# ACTIVITY:
Count every line in the following entries where the word "brown" appears. Give the count alone.
=== SUPPLIED RECORDS ===
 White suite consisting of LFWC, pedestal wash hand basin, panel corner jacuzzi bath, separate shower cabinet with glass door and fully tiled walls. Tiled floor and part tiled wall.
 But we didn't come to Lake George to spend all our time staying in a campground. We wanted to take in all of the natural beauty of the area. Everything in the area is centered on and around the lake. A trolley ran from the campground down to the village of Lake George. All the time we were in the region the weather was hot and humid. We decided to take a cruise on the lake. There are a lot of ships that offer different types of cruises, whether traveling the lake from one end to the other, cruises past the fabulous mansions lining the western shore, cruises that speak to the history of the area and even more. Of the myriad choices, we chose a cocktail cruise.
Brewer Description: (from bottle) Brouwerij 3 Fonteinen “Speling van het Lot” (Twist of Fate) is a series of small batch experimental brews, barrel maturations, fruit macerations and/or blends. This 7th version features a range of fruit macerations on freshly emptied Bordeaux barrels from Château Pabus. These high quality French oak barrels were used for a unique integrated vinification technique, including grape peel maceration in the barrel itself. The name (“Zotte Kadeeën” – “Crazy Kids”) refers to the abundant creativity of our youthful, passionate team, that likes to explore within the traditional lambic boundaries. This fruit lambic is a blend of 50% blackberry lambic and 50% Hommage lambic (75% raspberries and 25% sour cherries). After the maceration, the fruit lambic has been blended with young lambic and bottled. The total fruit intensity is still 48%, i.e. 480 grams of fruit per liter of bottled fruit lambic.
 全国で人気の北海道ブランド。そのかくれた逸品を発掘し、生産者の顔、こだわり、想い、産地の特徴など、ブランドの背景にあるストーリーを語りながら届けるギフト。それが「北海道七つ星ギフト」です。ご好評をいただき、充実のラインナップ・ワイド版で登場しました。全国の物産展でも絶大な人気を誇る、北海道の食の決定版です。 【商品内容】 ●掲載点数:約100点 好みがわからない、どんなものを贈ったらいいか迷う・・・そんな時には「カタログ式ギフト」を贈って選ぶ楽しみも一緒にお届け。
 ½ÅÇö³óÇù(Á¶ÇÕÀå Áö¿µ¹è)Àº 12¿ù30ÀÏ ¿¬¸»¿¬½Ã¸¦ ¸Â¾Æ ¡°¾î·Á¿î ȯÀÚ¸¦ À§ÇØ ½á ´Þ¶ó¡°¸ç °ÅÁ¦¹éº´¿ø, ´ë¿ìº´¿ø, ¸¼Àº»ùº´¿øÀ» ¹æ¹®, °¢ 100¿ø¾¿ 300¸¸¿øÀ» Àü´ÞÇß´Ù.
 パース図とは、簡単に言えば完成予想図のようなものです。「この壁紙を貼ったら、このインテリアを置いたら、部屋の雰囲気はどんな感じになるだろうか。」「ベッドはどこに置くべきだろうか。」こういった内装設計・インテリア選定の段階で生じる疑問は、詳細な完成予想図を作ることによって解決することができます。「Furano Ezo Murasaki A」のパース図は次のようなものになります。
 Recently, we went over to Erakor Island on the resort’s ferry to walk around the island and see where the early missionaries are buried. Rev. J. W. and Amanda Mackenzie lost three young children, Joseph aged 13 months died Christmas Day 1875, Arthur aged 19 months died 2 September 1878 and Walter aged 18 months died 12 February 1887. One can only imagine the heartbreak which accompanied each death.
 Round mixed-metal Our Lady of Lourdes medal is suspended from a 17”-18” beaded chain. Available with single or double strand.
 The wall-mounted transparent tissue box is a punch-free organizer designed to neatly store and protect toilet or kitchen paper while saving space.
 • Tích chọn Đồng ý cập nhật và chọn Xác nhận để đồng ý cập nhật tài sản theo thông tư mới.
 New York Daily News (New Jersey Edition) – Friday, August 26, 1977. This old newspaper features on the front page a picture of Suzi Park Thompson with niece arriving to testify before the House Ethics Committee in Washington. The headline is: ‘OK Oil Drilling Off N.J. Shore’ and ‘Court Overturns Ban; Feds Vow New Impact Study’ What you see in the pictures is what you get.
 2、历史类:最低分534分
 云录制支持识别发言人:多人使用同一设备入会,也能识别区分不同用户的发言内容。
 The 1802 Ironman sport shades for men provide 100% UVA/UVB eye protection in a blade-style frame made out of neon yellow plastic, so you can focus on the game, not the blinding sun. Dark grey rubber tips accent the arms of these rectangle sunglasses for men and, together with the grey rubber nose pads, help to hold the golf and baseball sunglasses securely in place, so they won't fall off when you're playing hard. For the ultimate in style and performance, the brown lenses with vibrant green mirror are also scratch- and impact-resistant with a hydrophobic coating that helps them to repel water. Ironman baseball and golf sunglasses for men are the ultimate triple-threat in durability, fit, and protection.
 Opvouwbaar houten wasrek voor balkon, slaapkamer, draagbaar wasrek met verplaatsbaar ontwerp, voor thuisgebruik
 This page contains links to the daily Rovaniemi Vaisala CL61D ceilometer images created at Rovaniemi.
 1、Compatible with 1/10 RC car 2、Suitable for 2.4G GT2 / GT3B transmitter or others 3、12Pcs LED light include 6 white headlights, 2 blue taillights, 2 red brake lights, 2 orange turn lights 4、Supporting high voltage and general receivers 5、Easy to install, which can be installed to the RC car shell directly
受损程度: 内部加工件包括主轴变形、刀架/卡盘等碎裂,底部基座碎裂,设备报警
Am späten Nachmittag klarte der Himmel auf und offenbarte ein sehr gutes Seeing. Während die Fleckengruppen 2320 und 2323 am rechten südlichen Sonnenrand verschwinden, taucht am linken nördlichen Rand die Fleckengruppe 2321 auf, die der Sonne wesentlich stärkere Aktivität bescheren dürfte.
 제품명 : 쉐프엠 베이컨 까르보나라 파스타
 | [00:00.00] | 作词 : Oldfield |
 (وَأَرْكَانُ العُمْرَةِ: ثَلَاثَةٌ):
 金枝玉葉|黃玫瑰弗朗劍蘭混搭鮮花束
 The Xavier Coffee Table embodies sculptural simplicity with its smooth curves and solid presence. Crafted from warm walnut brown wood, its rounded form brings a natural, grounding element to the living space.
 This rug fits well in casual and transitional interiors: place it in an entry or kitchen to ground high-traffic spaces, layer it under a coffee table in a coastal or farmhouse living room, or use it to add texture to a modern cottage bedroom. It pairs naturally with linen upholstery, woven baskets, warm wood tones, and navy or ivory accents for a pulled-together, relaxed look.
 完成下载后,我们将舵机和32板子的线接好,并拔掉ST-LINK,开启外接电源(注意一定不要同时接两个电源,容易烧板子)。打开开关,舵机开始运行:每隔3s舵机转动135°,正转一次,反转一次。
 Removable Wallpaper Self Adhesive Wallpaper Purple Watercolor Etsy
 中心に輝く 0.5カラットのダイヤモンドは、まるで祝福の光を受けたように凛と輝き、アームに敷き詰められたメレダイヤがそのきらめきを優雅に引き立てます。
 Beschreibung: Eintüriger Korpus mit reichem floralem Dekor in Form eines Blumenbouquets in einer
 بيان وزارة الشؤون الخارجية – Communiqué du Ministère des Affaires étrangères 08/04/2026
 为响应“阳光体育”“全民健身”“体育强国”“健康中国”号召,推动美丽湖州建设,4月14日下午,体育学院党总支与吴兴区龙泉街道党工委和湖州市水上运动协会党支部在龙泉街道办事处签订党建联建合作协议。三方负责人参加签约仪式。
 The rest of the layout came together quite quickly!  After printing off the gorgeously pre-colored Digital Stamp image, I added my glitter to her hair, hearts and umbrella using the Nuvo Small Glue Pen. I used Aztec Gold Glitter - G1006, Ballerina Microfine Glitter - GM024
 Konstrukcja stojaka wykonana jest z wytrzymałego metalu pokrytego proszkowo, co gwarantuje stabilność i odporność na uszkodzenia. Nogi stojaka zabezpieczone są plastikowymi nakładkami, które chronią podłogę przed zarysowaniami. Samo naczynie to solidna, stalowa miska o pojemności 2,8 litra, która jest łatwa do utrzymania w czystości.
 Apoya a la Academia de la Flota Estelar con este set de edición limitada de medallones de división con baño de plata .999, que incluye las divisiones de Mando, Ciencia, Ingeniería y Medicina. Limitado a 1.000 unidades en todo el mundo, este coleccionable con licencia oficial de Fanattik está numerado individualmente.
===
# EXERCISE SOLUTION:
2